海の底からわたしをみつめる眼は、きっといつか沈めてしまったわたし自身の眼なのだろう。

アジール、道祖神としての廃車―絲山秋子『薄情』

今回はこの小説作品について。 

薄情

薄情

 

 

絲山秋子の「薄情」という小説を読んでいて、ふと思い浮かんだ言葉、それが「アジール」だった。アジールとは、歴史学の概念のひとつで「聖域」とか「無縁所」とか言われている場、政治権力の支配の届かない場を指す用語である。学生の頃、随分と網野善彦の本を読んでいたから、ふと思い出したんだと思う。

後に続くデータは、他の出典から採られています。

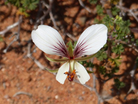 Monsonia crassicaulis bringt wenigstens etwas Farbe in eine ansonsten braune Landschaft.
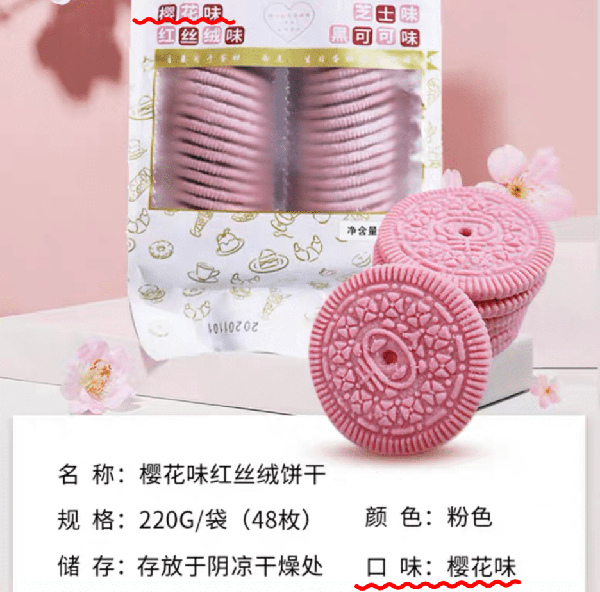 例如,一款櫻花風味的餅幹的配料表中有胭脂蟲紅、重瓣紅玫瑰速溶粉(重瓣紅玫瑰、麥芽糊精)等,它們是產品呈現櫻花淡粉色的重要成分;至於“櫻花味”,商傢特別標註“櫻花味感來自於配料中的食用香精香料”。
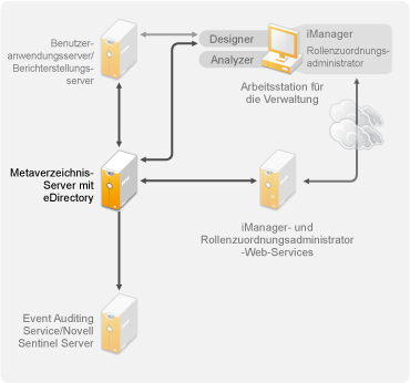 Abhängig von der Arbeitslast des Servers können Sie einen oder mehrere Metaverzeichnis-Server einsetzen. Für den Metaverzeichnis-Server ist es erforderlich, dass eDirectory installiert ist, wie in Abbildung 3-3 dargestellt. Sie können einen Remote Loader-Server hinzufügen (in der Abbildung nicht dargestellt), damit die Arbeitslast bzw. die Konfiguration Ihrer Umgebung besser bewältigt werden kann.
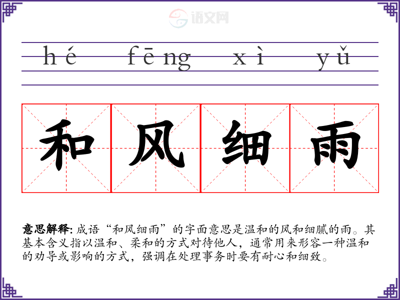 成语“和风细雨”的字面意思是温和的风和细腻的雨。其基本含义指以温和、柔和的方式对待他人,通常用来形容一种温和的劝导或影响的方式,强调在处理事务时要有耐心和细致。
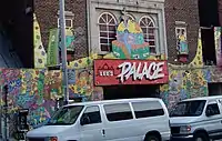 One of the producers, Miles Dale, said that the film is "the biggest movie ever identifiably set in Toronto."[36] The film features notable Toronto locations Casa Loma, St. Michael's College School, Sonic Boom, the Toronto Public Library Wychwood Library, a Goodwill location on St. Clair West, a Second Cup, a Pizza Pizza, Lee's Palace, and Artscape Wychwood Barns.[35][36][37] The production planned to set the film in Toronto because, in Dale's words, "the books are super-specific in their local details" and director Wright wanted to use the imagery from the books, so Universal Studios had no plans to alter the setting.[36] Dale stated that "Bathurst Street is practically the cerebral cortex of Scott Pilgrim".[36] David Fleischer of Torontoist wrote that though films set in New York City show off all the major landmarks, "Scott Pilgrim revels in the simplicity" of everyday locations that are still identifiably Toronto, like the Bathurst/Bloor intersection and a single Pizza Pizza restaurant.[37]
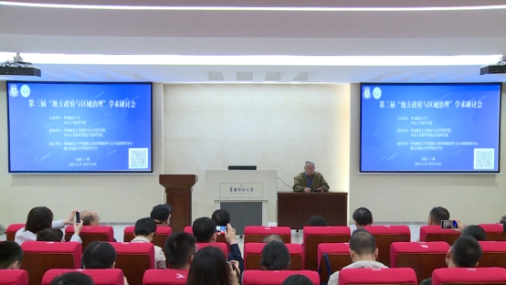 华南师范大学政治与公共管理学院院长胡中锋教授致辞,对到会嘉宾表示热烈欢迎与感谢,表示举办第三届“地方政府与区域治理”学术研讨会十分契合党的十九届四中全会精神,对处在新时代背景下的中国,对促进国家治理体系和治理能力现代化的理论研究和实践有着重要意义。
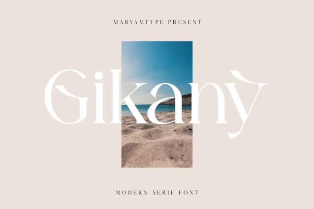 Gikany Font – Modern Serif Font, created by Maryamtype Studio, a Modern serif typeface that has a unique modern style & look. This typeface is perfect for elegant & luxurious logos, book or movie title designs, fashion brands, magazines, clothing, fonts, quotes and more.
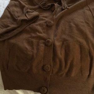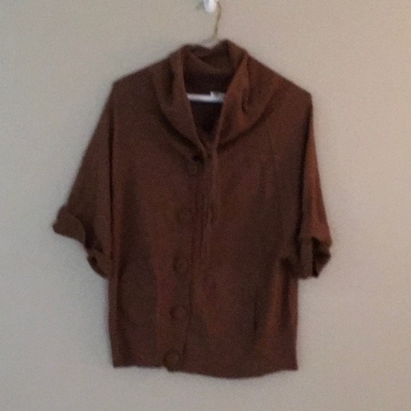 Chocolate brown short sleeve button up sweater. Can button up to scrunched neck, crocheted like matching buttons, button tab detail on sleeve, 2 front pockets,cotton,nylon and spandex
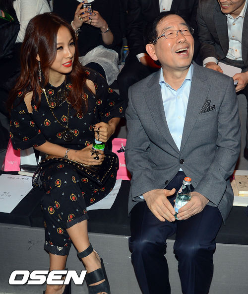 27일 오후 서울 여의도IFC에서 열린 '2013-14 F/W 서울패션위크' 정혁서&배승연 디자이너 패션쇼에 참석한 이효리와 박원순 시장이 패션쇼를 기다리고 있다.
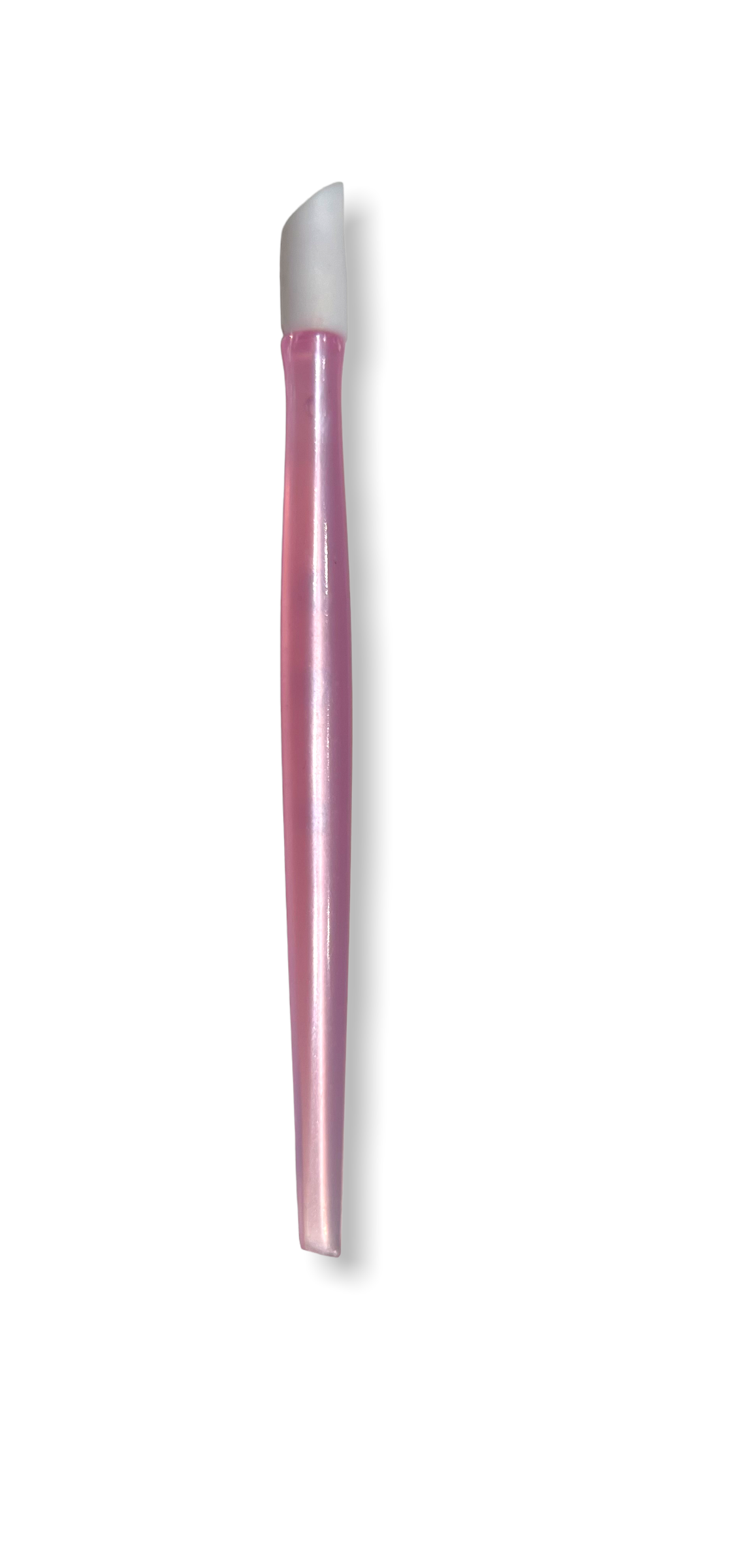 RUBBER CUTICLE PUSHER IN A PRETTY TRANSPARENT PEARL PINK.
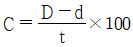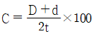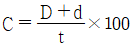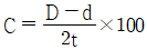 전단금형에서 클리어런스를 구하는 식으로 옳은 것은? (단, D : 다이의 직경(mm), d : 펀치의 직경(mm), t : 가공소재의 두께(mm), C : 클리어런스(%)이다.)
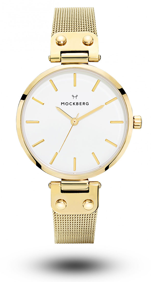 Mockberg Livia MO301 kellossa on kullanvärinen runko, valkoinen kellotaulu ja kullanvärinen kapea mesh-ranneke. Rungon leveys on 34mm ja paksuus 7,6mm. Rannekkeen leveys on 13mm. Kellossa on laadukas japanilainen Miyota Super 2035 paristokoneisto. Mockberg kelloille myönnetään 2 vuoden takuu ja ne toimitetaan valmistajan alkuperäisessä rasiassa.

「薄情」の3章に「境界の区域」という言葉がある。この作品には様々なキーワードが散りばめられていて、いろいろな角度から読めそうだが、今回は「境界」ということに注目したい。

 

この小説の主人公、宇田川静生は自分の内側になにか足りないという感覚を持っている。「欠落」を感じている。だけれど何が欠落しているのか全くわからない。確かめようもない。漠然とした欠落を抱えて、バイト(嬬恋キャベツの収穫)と親戚の家業(神社)の手伝いをしながら暮らしている。結婚して、そろそろ子供がいてもおかしくはない年齢のようだが、そういう具体的なことは考えない。彼はいたる所で漠然と何かを考えては「考えるのをやめる」。

 

国道17号の外に出て県道を北上していくと、旧市内と旧郡部の境目のような地帯がある。峠を越え、ありは川を渡った途端に文化が変わるのとは違う。平地にありがちなゆるさで街が終わっていき、次の集落に着くまでに色がついていないような景色。ひとの意識の密度が感じられない地域がある。住宅で埋め尽くされているわけではなく、農村にも属していないそのあたりのことを、かれはひそかに境界の区域と名付けた。」(41頁より引用)

 

ここで「アジール」という言葉を思い出した私は主人公が神主の「後継者」であることに納得した。「神主というのも境界の仕事」(47頁-48頁)なのだ。神主の領域はアジールといえるし、そもそもまだ一人前の神主ではなく、あくまで後継者という身分にも境界を感じる。社会的にはっきりした身分ではない。宇田川は境界を生きている

いや、彼だけではなく、もしかしたら誰もが境界を生きている、と感じてしまう瞬間があるのかもしれない。ある出来事についてその場ですぐに白黒つけることができない、なんてことはよくある。あらゆる事柄には「判断保留」という宙ぶらりんの状態がある。この保留状態を否定することは人間を急くことになる。「あの震災後」にしきりに言われた「不謹慎」という言葉は人を判断保留のグレーゾーンというべきもの、つまりアジールの外へ追い立てた。

神主の後継者という将来は約束されているが、宇田川は自分の社会的立場に不安定なものを感じている。それが「よそ者とは何か」を問う彼の思考にも表れているように読める。

 

よそ者とはなんなのだろう

非正規雇用みたいなものか。掛け捨ての保険くらいはついているのだろうか

それとも身軽で無責任で架空めいた存在なのか

(14章、247頁より引用)

 

非正規雇用」という言葉やこの感覚が現代的だ。こういう境界にいる人々は多いだろう(と、書いている私も境界人である)。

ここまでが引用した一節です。